According to Suárez, the Brazilian crisis had a direct impact on local tourism tourism, an area that was already experiencing a decline. In addition, he stated that the sharing economy in the hotel industry in Brazil is having a negative effect on the business, due to the inaction of the State.

"In the City of Buenos Aires, for example, there are 16,000 informal temporary rentals and there are entire buildings dedicated to this type of accommodation. These rentals compete favorably with the 16,000 formal three and four star accommodations because they do not pay VAT, income taxes or social security contributions," he maintained.

According to his estimate, 50% of the current tourism volume in the formal system went to temporary rentals and 95% of accommodations are in the informal sector.
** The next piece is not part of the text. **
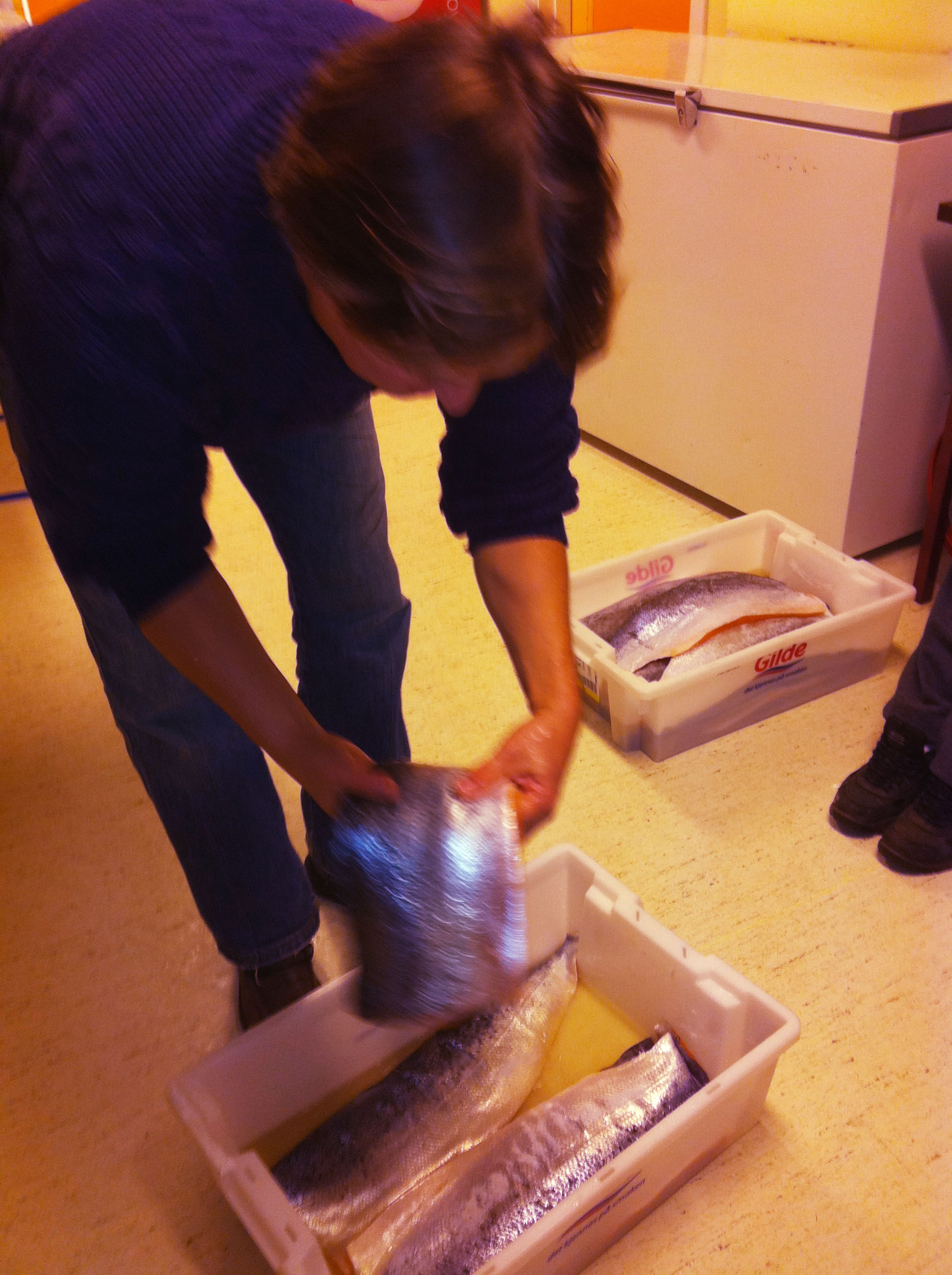 “Lørdagsaktiviteten” igår var å lære å rø(y)ke laks. Det startet på fredag med salting og også faktisk sukring. Deretter skylte vi dem og la dem ut til tørk igår. Idag har vi vært i Kabelvågmarka og lett opp einer, og på mandag skal vi røyke dem.

He further stated that the efforts of AFIP to register this informal activity are still limited.

Meanwhile, Rodrigo Verde, Vice-President of FEHGRA, declared that "we cannot continue invoking the model of the sharing economy when we are faced with the reality of P2P platforms and online travel agencies, which act as brokers and earn commissions ranging from 15% to 25%.

The issue was the main topic of discussion by industry representatives, who sought to focus attention on the calls for greater control. In fact, they received the support of the Undersecretary of Labor Inspection and Social Security of the country’s Ministry of Labor, Fernando Ezequiel Macchi, who said that, "We want to control niches which, for different reasons, are difficult to locate, either through the value chain or by other means. Labor inspection is designed to help employers who have everything in order," he noted.